## EXERCISE REQUIREMENTS
Find the line with "40V HP Brushless" in the data below. Repeat it and every line after it exactly, but not the pictures.
──────── INFORMATION SHOWN
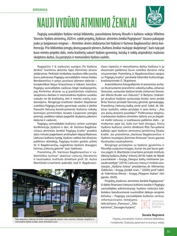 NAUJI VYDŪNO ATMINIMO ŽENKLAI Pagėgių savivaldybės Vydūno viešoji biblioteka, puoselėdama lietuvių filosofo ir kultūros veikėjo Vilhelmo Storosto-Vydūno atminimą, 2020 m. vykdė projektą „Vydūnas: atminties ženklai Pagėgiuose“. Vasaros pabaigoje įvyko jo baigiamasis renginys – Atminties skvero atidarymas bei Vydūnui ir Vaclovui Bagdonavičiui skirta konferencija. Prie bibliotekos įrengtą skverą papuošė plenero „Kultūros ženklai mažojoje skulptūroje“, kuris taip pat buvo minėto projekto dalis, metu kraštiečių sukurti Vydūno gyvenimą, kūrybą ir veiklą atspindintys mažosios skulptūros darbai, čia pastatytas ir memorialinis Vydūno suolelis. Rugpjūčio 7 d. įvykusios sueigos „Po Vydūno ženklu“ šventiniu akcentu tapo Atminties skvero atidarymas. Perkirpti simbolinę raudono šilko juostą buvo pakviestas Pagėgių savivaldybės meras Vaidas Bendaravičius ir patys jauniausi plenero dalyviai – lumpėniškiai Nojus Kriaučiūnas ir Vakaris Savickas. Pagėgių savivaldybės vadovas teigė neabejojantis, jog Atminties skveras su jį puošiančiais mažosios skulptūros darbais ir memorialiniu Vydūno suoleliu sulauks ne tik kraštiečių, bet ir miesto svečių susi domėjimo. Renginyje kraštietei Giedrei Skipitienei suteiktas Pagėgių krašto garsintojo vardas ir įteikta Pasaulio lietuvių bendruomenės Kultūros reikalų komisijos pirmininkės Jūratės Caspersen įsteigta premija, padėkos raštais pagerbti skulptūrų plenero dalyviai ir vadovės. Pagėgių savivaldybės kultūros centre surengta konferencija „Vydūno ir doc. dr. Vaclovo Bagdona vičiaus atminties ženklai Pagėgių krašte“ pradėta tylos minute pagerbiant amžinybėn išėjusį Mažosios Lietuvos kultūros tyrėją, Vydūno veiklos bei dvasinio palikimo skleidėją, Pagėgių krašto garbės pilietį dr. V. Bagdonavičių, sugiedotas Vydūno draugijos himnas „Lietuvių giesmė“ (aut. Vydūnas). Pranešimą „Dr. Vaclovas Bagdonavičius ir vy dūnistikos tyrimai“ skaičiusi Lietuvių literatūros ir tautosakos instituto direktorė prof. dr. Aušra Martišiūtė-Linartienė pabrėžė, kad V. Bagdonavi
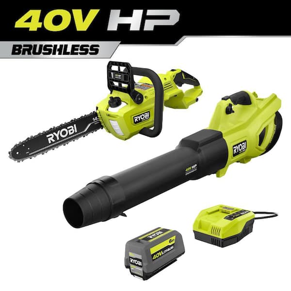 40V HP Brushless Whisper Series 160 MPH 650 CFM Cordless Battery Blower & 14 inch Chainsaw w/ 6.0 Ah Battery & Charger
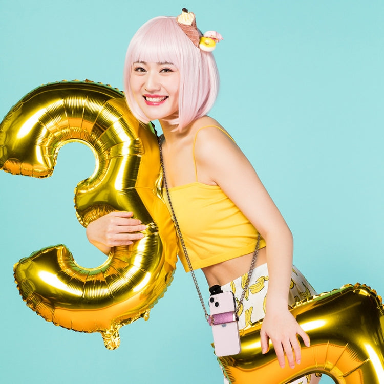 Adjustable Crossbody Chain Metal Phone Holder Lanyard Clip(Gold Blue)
────────────────
## REPLY TO THE TASK
 40V HP Brushless Whisper Series 160 MPH 650 CFM Cordless Battery Blower & 14 inch Chainsaw w/ 6.0 Ah Battery & Charger
 Adjustable Crossbody Chain Metal Phone Holder Lanyard Clip(Gold Blue)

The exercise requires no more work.